Since the first Lasers were built in the 1960s, science-fiction television programs and motion pictures, such as Star Trek and Star Wars, portrayed Lasers or Laser-type weaponry in Outer Space. In the case of Star Trek, the weapons are called Phasers, as Star Trek creator Gene Roddenberry felt that Lasers would be superseded by more advanced weaponry by the 23rd century.

Are such Laser weaponry in use today? Will Laser weapons be used in Outer Space in the near future? While American, Chinese, and Russian militaries continue developing Lasers, for terrestrial as well as Outer Space defense-related applications, advanced communication networks using Lasers are being tested by NASA for use in Outer Space.

Of course, most people are aware that the United States started a major research program into a space-based, defense shield using Lasers in the 1980s, after U.S. President Ronald Reagan announced creation of the Strategic Defense Initiative (SDI) in a speech to the American people on 1983 March 23. Most Democrats opposed the project, led by U.S. Senator Ted Kennedy, who called the project “Star Wars.”

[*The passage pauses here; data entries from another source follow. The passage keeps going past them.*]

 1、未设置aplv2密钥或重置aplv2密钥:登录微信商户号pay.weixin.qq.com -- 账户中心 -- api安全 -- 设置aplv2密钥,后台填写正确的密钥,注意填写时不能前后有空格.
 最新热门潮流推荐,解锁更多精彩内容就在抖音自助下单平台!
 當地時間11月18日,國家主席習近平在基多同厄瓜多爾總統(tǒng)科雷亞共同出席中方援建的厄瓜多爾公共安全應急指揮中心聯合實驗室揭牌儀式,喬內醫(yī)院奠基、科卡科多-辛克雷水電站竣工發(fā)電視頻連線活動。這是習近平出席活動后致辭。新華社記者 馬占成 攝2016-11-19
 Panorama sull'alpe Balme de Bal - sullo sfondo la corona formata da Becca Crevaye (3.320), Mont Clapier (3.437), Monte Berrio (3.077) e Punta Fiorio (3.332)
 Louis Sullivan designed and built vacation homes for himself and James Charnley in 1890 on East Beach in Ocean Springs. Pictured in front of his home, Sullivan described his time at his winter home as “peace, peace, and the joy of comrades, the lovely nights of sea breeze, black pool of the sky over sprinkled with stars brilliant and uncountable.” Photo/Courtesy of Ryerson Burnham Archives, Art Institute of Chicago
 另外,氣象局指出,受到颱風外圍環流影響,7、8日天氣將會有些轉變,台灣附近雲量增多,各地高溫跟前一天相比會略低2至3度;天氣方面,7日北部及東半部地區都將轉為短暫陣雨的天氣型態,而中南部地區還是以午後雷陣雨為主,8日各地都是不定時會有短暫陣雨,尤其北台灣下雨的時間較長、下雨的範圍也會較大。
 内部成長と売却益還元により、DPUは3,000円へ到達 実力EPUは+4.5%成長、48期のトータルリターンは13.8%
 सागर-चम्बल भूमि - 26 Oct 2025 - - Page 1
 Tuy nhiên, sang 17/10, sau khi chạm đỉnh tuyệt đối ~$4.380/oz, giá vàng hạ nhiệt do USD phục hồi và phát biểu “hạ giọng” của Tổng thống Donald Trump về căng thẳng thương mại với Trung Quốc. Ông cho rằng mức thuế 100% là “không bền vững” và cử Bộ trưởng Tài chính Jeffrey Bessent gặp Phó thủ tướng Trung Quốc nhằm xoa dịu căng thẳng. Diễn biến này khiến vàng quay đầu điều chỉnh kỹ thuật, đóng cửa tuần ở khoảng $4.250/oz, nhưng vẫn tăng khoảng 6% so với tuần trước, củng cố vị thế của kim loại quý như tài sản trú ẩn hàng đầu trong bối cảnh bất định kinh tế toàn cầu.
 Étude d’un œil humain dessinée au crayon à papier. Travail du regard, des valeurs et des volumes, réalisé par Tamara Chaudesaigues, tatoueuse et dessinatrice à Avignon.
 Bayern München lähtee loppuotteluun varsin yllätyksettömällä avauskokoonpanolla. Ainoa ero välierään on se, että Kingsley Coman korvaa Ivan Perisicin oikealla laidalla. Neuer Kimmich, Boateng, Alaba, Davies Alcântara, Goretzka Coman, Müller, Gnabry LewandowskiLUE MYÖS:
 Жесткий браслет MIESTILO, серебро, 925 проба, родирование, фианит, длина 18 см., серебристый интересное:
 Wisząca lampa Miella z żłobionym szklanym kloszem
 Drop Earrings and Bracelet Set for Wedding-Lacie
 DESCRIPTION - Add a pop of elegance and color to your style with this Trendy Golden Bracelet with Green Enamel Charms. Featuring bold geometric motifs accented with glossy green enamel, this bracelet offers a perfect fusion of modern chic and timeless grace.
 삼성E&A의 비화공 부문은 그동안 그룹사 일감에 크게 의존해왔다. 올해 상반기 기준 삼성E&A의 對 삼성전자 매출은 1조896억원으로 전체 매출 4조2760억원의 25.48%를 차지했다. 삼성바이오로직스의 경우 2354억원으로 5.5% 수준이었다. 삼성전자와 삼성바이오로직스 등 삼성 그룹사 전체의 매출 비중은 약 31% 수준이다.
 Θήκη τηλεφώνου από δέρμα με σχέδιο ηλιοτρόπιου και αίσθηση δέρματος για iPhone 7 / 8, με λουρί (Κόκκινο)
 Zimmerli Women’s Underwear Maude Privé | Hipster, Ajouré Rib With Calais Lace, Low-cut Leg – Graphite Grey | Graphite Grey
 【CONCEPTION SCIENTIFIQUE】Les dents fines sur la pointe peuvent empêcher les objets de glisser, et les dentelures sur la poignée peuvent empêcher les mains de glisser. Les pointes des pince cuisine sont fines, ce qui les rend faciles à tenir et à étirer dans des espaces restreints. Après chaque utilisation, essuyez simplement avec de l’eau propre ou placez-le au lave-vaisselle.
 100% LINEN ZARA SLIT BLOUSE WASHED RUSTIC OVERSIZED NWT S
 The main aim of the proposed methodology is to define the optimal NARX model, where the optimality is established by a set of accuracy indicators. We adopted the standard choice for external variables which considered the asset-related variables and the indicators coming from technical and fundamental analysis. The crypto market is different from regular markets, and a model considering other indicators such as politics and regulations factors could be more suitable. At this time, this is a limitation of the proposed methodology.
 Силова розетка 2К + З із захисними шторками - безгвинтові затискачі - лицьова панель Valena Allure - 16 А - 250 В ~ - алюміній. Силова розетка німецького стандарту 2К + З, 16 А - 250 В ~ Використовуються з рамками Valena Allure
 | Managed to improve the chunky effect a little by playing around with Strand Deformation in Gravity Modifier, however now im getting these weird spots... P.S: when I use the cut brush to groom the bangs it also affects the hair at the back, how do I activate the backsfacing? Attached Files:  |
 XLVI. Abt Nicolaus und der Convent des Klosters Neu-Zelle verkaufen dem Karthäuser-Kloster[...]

However many people are unaware that in response to SDI, the Union of Soviet Socialist Republics (name used for Russia for most of the 20th century) tried launching the first component of an experimental, orbital, unstaffed Laser battle-station on the evening of 1987 May 15. However, upon reaching orbit, the satellite containing this component started tumbling in orbit. Then, due to a software error, instead of going into a higher orbit, the engines fired with the satellite pointed in the wrong direction—down! The satellite soon re-entered the atmosphere, over-heated, broke-apart, and fell into the Pacific Ocean. The failure of such an expensive component convinced Kremlin leaders to cancel the rest of the project.

In 2014, the U.S. Navy deployed the world's first active Laser Weapons System (LaWS) on the USS Ponce amphibious transport ship in the Persian Gulf. The LaWS cost $40 million to develop, but costs only one dollar per shot! While the LaWS is primarily designed to attack aircraft and small boats, a second-generation system is being developed to target missiles.

The USS Ponce is scheduled to be decommissioned next year. The future of this particular LaWS installation is unclear, as it is not scheduled to be moved to a new vessel.

Last week, the U.S. Air Force gave a $26.3 million contract to Lockheed Martin “for the design, development, and production of a high power fiber laser,” for use on a fighter jet aircraft by 2021.

In August, the U.S. Army's Advanced Test High Energy Asset (ATHENA, for the Greek Goddess of Wisdom) Laser weapon underwent successful testing at the White Sands Missile Range in New Mexico. And in June, the U.S. Army successfully tested a high-energy Laser weapon system on an AH-64 Apache attack helicopter.

In July, Russia announced plans to deploy powerful Laser weapons on its sixth-generation MiG-41 fighter jet aircraft, to destroy missiles. However, their Laser system is still in the concept stage and is not expected to be available until 2035.

Current American and Russian plans to deploy Lasers in Outer Space are unclear. However, reports this year indicate that China is developing first-strike Space-Lasers designed to destroy NATO satellites. These would be both ground-based Laser weapons, along with Laser weapons on a staffed, Chinese space-station (during the Cold War, the Soviet Union considered and rejected placing such weapons on a staffed Salyut Space Station). Some believe a five-ton chemical Laser could be operational by the Chinese military, possibly by 2023.

However, high-speed data communication is where Lasers are making a strong impact in Outer Space today. On Sunday morning (November 12), NASA and aerospace launch firm Orbital ATK launched new satellites which could greatly advance the speed of data networks in Space and on Earth, perhaps eventually including the Internet, using Lasers instead of radio links. It is expected that the new Laser links could create 200 megabits per second (Mbps) connections.

The two, NanoRacks CubeSats satellites are being sent to the International Space Station (ISS) during an ISS re-supply mission. The twin satellites will be deployed from the ISS using one (of two) of their NanoRacks CubeSats Deployers.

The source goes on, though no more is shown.